Touring in support of their latest release, Business Casual, Chromeo have brought back 70s funk with an 80s synth feel and a 2011 attitude. Contemporaries Hot Chip, Holy Ghost!, Cut Copy and LCD Soundsystem would all concur. “Hot Mess,” “Night By Night,” “Fancy Footwork,” “Bonafied Lovin” and “Momma’s Boy” each brought down the house. This is not music you’ll hear on your local Top 40 radio station because it does not fit within the constraints of that music. When someone says, “Think outside the box”, they’re talking about Chromeo.
The floor at the Heaven Stage (upstairs) of the Masquerade was giving several inches as hundreds of crazed Chromeo fans jumped up and down in unison. If the floor survived this show, it will be intact for eternity.
Opening the show was Sammy Bananas, who’s DJ skills were only topped by his saxophone skills. That’s right, he’s working the turntables, filling the dancefloor, dropping some wicked beats – then out comes a saxophone. Not a saxophone file played from his Mac, but a REAL saxophone. It was a welcome surprise and the crowd went batty.

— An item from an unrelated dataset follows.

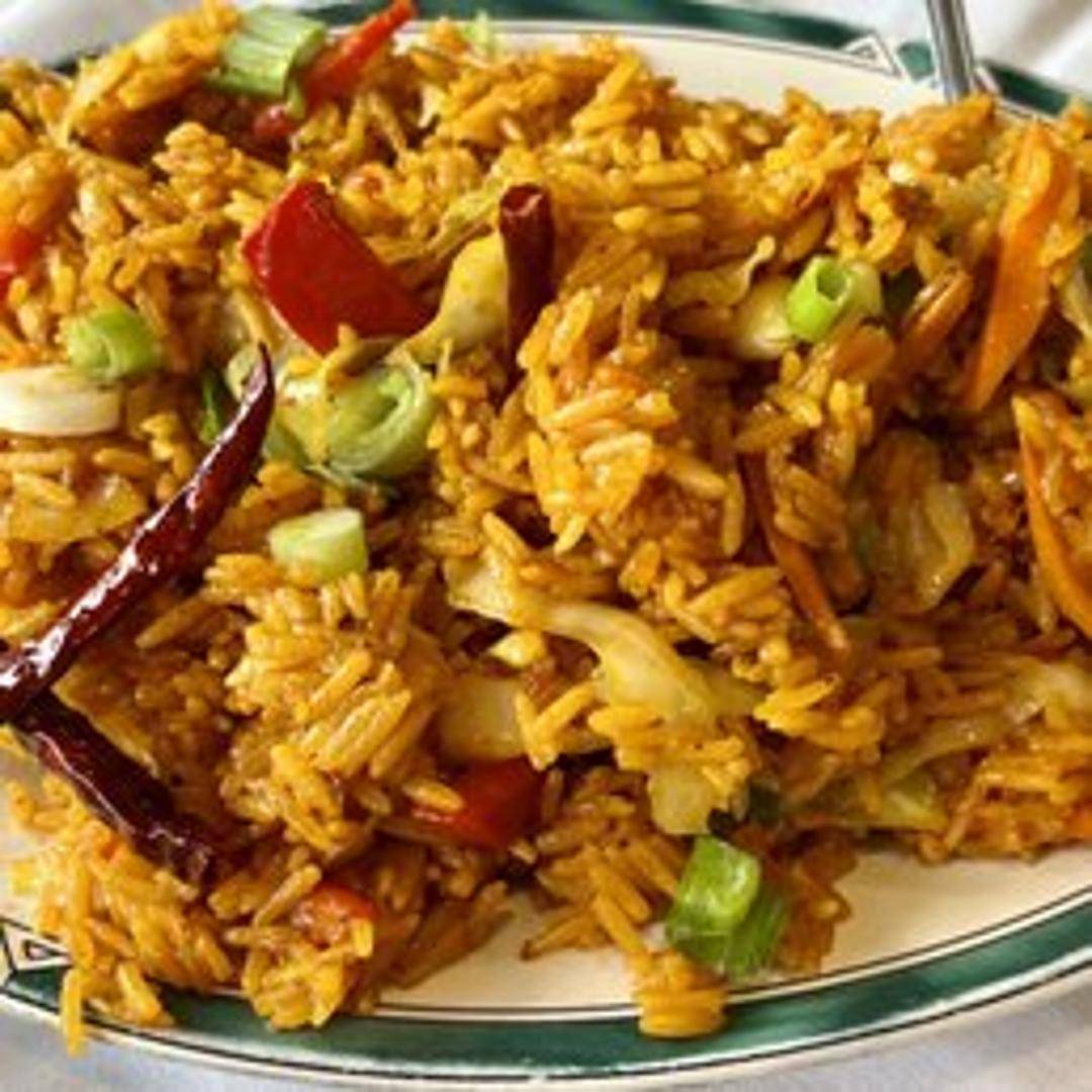 Fragrant fried rice cooked with garlic, chili peppers, vegetables, and your choice of protein, seasoned with soy sauce and other Indo-Chinese spices.

On deck were Mayer Hawthorne & The County, providing “blue-eyed R&B” to a happy throng of dancers. Imagine the best R&B/Soul music fronted by this young white dude who sounds like Smokey Robinson (but with more confidence). Hawthorne most definitely wanted all eyes on him as he is a first-class showman and wanted no fan to miss a second. “Okay Atlanta, let’s put the phones away and act like the show is happening right now!” he said, with a touch of sarcasm. The band acted like they were the headliner, and got the love and respect as such from fans.